P < 0.05, two-tailed paired t test.

a

Unconditioned/conditioned test MEP amplitude (%). ISP, ipsilateral silent period; S-IHI, interhemispheric inhibition at short interstimulus interval; MEP, motor-evoked potential; EMG, electromyographic; FDI, first dorsal interosseous muscle.

The CSP area was not different when comparing unilateral (mean ±s.d.: 0.65 ± 0.68 mV ms) and bilateral maximal isometric contraction of the FDI (0.79 ± 0.80 mV ms, P= 0.41) (Fig. 6). Likewise, neither the amplitude of the contralateral MEP preceding the CSP (P= 0.40) nor the background EMG in the right FDI (P= 0.07) differed significantly between unilateral and bilateral FDI contraction (MEP amplitude: mean ±s.d.: 2.7 ± 1.6 vs. 2.6 ± 1.7 mV; background EMG: 0.365 ± 0.100 vs. 0.391 ± 0.116 mV, respectively). Note that, in this subset of eight subjects, the ISP area obtained in the main experiment was larger during bilateral (mean ±s.d.: 3.43 ± 1.89 mV ms) than during unilateral FDI contraction (mean ±s.d.: 1.56 ± 0.81 mV ms, P= 0.02).

Figure 6. Circuit specificity of motor task-related ISP modulation.

Figure 6

Open in a new tab

EMG recordings from the maximally contracting right FDI muscle of one representative subject in two experimental conditions: (i) left FDI at rest; (ii) maximal isometric contraction of the left FDI. The waveforms are averages of 20 rectified trials. Grey region represents the cortical silent period (CSP) area (in mV ms).

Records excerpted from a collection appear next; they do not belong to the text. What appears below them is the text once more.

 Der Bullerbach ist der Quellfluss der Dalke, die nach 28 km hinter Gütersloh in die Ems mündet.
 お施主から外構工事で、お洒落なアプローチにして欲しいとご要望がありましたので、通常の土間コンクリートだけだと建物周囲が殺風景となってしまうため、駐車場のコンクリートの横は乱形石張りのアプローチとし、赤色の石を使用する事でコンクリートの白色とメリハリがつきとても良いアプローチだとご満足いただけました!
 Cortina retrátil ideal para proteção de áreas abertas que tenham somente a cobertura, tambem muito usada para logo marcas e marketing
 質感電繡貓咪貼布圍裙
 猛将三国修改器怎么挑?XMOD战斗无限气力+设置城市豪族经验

CSP onset and offset were determined by using statistical process control (see Methods). The upper line represents the mean background EMG amplitude and lower line represents the lower 95% variation limit of the mean background EMG amplitude. Note that there was no difference in the CSP area between the two experimental conditions.

Relationship between motor task-related ISP modulation and voluntary hand movement lateralisation

A paired t test confirmed that the ISP area in the right FDI was larger during bilateral FDI contraction (mean ±s.d.: 4.08 ± 2.48 mV ms) than during unilateral right FDI contraction (3.13 ± 2.26 mV ms, P= 0.019) with non-differing levels of background EMG (0.429 ± 0.111 and 0.445 ± 0.122 mV, respectively, P= 0.13). The percentage increment in ISP area in the right FDI with bilateral FDI contraction vs. unilateral right FDI contraction was inversely correlated (r=−0.64, P= 0.046) to the amount of EMG mirror activity observed in the right FDI during phasic left index finger abduction (Fig. 7A). In contrast, no significant correlation was seen between the absolute ISP area during unilateral (r=−0.17, P= 0.63) or bilateral (r=−0.44, P= 0.20) FDI contraction and the amount of EMG mirror activity.

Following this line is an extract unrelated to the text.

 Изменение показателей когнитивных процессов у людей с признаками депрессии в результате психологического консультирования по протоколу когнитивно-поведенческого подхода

Figure 7. Relation between motor task-related ISP modulation and EMG mirror activity.

Figure 7

Open in a new tab

A, data from all 10 subjects. The increment of ISP area in the right FDI observed when comparing bilateral maximal isometric FDI contraction with unilateral maximal isometric contraction of the right FDI is expressed as the percentage difference between the two measurements (x-axis). Positive and negative values indicate increases vs. decreases in ISP area, respectively. The amount of EMG mirror activity in the right FDI is given on the y-axis (for details, see Methods). ISP area increment and amount of EMG mirror activity correlated inversely (r=−0.64, P= 0.046). B, recordings from one representative subject with large motor task-related ISP area increment and low EMG mirror activity. C, recordings from one other representative subject with low motor task-related ISP area increment but a large amount of EMG mirror activity.

Discussion

The main novel result of the present study is that, in healthy adults, volitional motor activity of the stimulated M1 by movement of the contralateral hand produces a significant enhancement of the ISP area in the ipsilateral hand. Additional experiments characterised this phenomenon by showing its early recruitment with low levels of contraction, topographical specificity, temporal specificity, neuronal circuit specificity and functional significance. The following paragraphs provide a detailed discussion of each of these features of motor task-related ISP modulation.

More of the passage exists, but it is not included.